A new report from Homes for Scotland (HFS) has warned that Scotland’s housing emergency could develop into a ‘catastrophe’ without effective government intervention.
Following analysis of local authority published housing land audits, the research has found that housing completions could fall to as low as 5,000 per annum by 2031 as a direct result of failing planning policy. This compares with the 19,797 homes completed in 2024.
Furthermore, this figure does not include the impact of wider regulation which HFS said continues to make it increasingly difficult and more expensive to build the range of homes required to ensure social wellbeing and economic success.
The report highlights that there isn’t enough land coming through the planning system to maintain a delivery pipeline that comes close to meeting Scotland’s housing needs – a situation HFS attributes to the introduction of National Planning Framework 4 which has seen 60% of Local Development Plans (LDPs) become out of date.
On average, new LDPs aren’t due for publication until 2029. HFS added that, as delays persist, the more deliverable of previously allocated sites have been, or are currently, being built out. At the same time, sites which may be constrained or unviable remain in the system and are unable to be removed in favour of new ones.

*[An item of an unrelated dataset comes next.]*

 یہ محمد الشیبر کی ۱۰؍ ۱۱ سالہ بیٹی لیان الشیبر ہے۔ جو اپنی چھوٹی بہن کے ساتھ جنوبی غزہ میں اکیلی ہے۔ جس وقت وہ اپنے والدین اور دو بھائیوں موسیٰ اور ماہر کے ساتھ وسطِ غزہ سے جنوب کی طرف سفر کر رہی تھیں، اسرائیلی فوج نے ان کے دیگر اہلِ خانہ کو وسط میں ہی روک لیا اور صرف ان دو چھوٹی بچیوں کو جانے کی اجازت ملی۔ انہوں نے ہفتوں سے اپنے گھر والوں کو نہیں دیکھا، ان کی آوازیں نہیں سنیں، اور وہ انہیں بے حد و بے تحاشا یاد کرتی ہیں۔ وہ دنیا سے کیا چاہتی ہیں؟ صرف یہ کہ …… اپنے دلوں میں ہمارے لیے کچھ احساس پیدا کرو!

Given that it takes around four years from submitting a planning application until delivery, HFS claims this means the number of new homes being built will continue on a downwards trajectory and that it could be 2033 before new homes start coming through again.

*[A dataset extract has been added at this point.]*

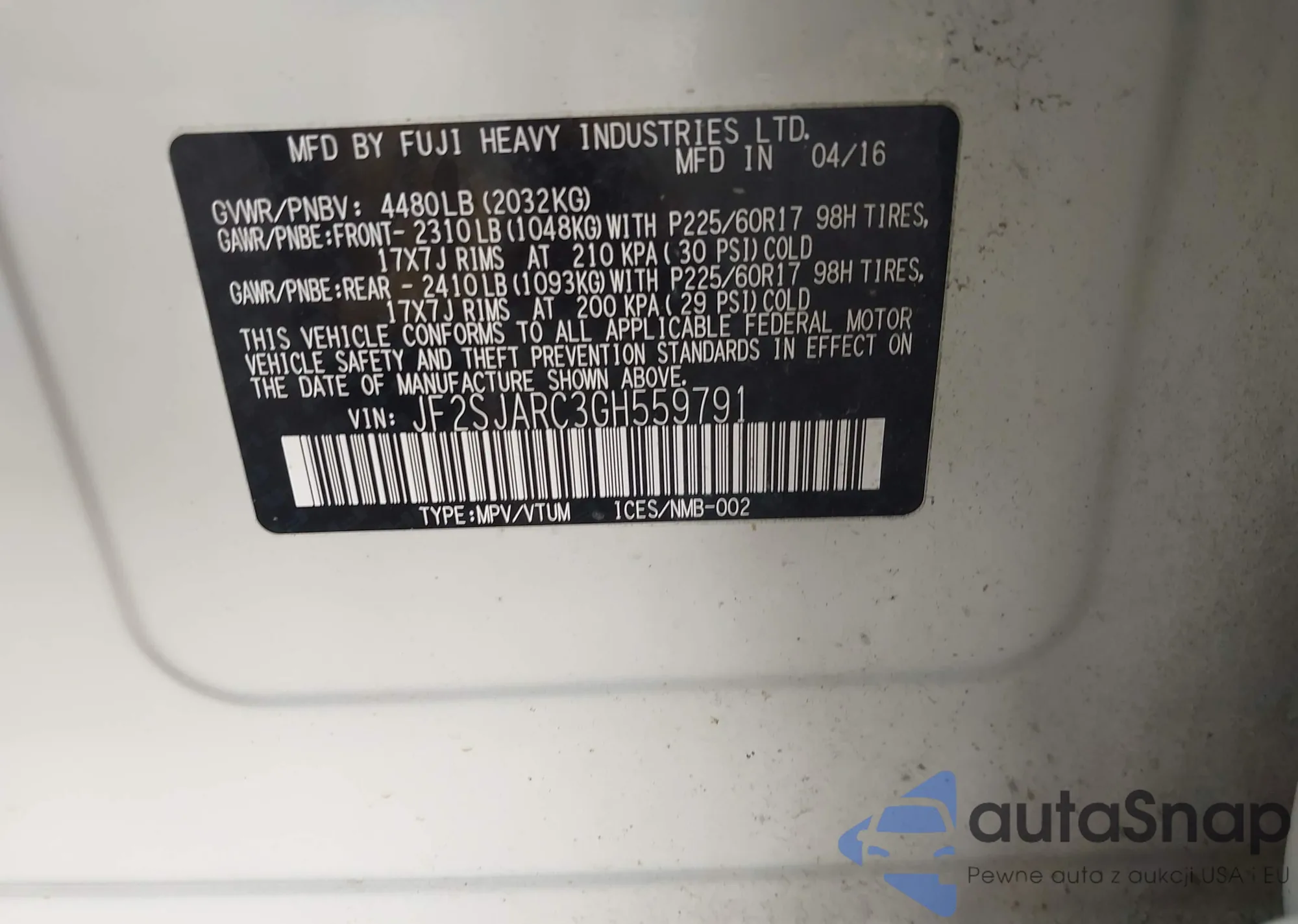 LOT: 42414130 VIN: JF2SJARC3GH559791

Kevin Murphy, HFS director of planning, said, “Let’s be clear, the housing emergency has been decades in the making. Whilst we have welcomed the principle of the recently announced More Homes Scotland agency, this won’t be fully operational until 2028/29. We just don’t have that time to lose.
“Frustratingly, this new report only confirms the specific concerns we have been expressing to ministers and officials since before NPF4 was introduced. However, rather than the Scottish Government addressing these and taking the necessary corrective action, we find ourselves with yet another consultation which describes ‘a living pipeline of land’ with planning permission being ‘in place for at least 164,000 homes’ which have not yet been built.
“As our research shows, this simply isn’t the case. Such narrative belies the wide-ranging, lengthy, complex and costly challenges that the home building sector has to face in delivering much-needed homes of all tenures.
“The truth is planning policy, particularly transition from NPF4 to LDPs, is exacerbating rather than addressing the fundamental problem which lies at the heart of the matter: the chronic undersupply of effective land on which to build homes. In the context of only 1.4% of Scotland’s land being in residential use, it is a shocking and untenable state of affairs that more than one in four Scottish households have been identified as being in some form of housing need.”
HFS has put forward suggestions, including the reinstatement of the presumption in favour of sustainable development to allow new sites to be built out earlier and aid the transition between the publication of NPF4 and new LDPs. Masterplan Consent Areas, which are being rolled out in Highland, also have the potential to be part of the solution.
Murphy added, “We continue to stand ready to work with the Scottish Government to implement effective, data-driven solutions and have demonstrated our commitment to this through the identification of specific barriers and the action required to overcome them. I sincerely hope ministers and officials ensure positive rhetoric translates into effective action before we see any more investment diverted elsewhere in the UK and lose any more of our SME home building base which is now at its lowest level in 20 years.”